From month 1 after transplantation, the percentage of CD25high cell subset in total CD3+CD4+ T cells progressively increased over baseline in sirolimus-treated patients (Figure 4, D through F), reaching values that were significantly higher than before transplantation from months 4 to 24 postoperatively. In the CsA group, the trend of CD4+CD25high cell percentage to increase was milder: Values that were significantly higher than before transplantation were recorded only at month 6 (Figure 4, D through F). As a consequence, the Treg/effector T cells ratios were significantly higher (P < 0.05) in the sirolimus than in the CsA group from months 2 through 24 (data not shown).

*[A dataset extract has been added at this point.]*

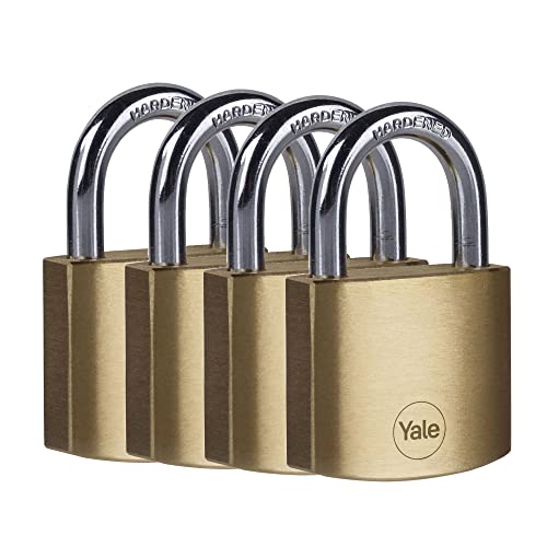 Yale Set med 4 hänglås i mässing 40 mm, Y110B/40/122/4, stålhandtag, 3 nycklar, för skolskåp, sportgarderob, verktygslåda, skåp

For assessment of whether enrichment in CD4+CD25high T cells was associated with cell proliferation, staining for Ki-67 (a nuclear cell proliferation–associated antigen that is expressed in all active stages of cell cycle) (26) was performed in cells that were taken from patients at baseline and at the time of maximal CD4+CD25high cell expansion (3 to 5 mo after transplantation). Higher cycling was observed in the three CD4+CD25 cell subsets from all patients who were studied 3 to 5 mo after transplantation (P < 0.05) than in cells from patients at baseline and from healthy individuals (Figure 5C), which is consistent with CD4+ T cell recovery after Campath-1H–induced lymphopenia (Figure 3H). Of note, the proportion of CD4+CD25highKi-67+ cells was significantly (P < 0.05) higher in the sirolimus- than in the CsA-treated group, whereas no difference in the percentages of both CD4+CD25lowKi-67+ and CD4+CD25−Ki-67+ cells was found between the two groups (Figure 5C).

Figure 5.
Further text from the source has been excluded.